Tartalea exposa sa solution en mauvais vers italiens, dans un Ouvrage sur différentes questions et inventions, imprimé en 1546, Ouvrage qui a aussi le mérite d’être un des premiers où l’on ait traité de la fortification moderne par bastions.

Cardan publia, dans le même temps, son Traité de Arte magna, c’est-à-dire, de l’Algèbre, où il ne laisse presque rien à désirer sur la résolution des équations du troisième degré. Cardan est encore le premier qui ait aperçu la multiplicité des racines des équations, et leur distinction en positives et négatives ; mais il est surtout connu pour avoir le premier remarqué le cas qu’on appelle irréductible, et dans lequel l’expression réelle des racines est sous une forme imaginaire. Cardan se convainquit, par quelques cas particuliers où l’équation a des diviseurs rationnels, que cette expression n’empêchait pas que les racines n’eussent une valeur réelle ; mais il restait à prouver que non-seulement les racines sont réelles dans le cas irréductible, mais qu’elles ne peuvent même être toutes trois réelles que dans ce cas c’est ce qu’a fait après lui Viète, et surtout Albert Girard, par la considération de la trisection de l’angle.
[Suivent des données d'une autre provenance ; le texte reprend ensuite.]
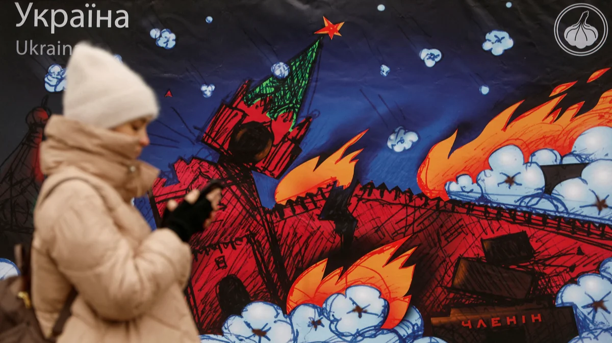 Репродукция почтовой марки с изображением горящего Кремля, Киев, Украина, 12 января 2023 года. Фото: Valentyn Ogirenko / Reuters / Scanpix / LETA
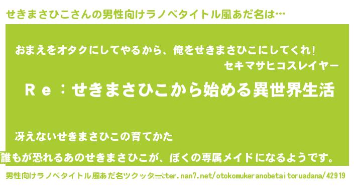 | ヘコむあだ名 | 『せきまさひこ(笑)』『せきお』 |

Nous reviendrons sur le cas irréductible des équations du troisième degré, non-seulement parce qu’il présente une nouvelle forme d’expressions algébriques qui est devenue d’un usage très-étendu dans l’Analyse, mais surtout parce qu’il donne encore lieu tous les jours à des recherches inutiles pour réduire la forme imaginaire à une réelle, et qu’il offre ainsi, en Algèbre, un problème qu’on peut mettre sur la même ligne que les fameux problèmes de la duplication du cube ou de la quadrature du cercle en Géométrie.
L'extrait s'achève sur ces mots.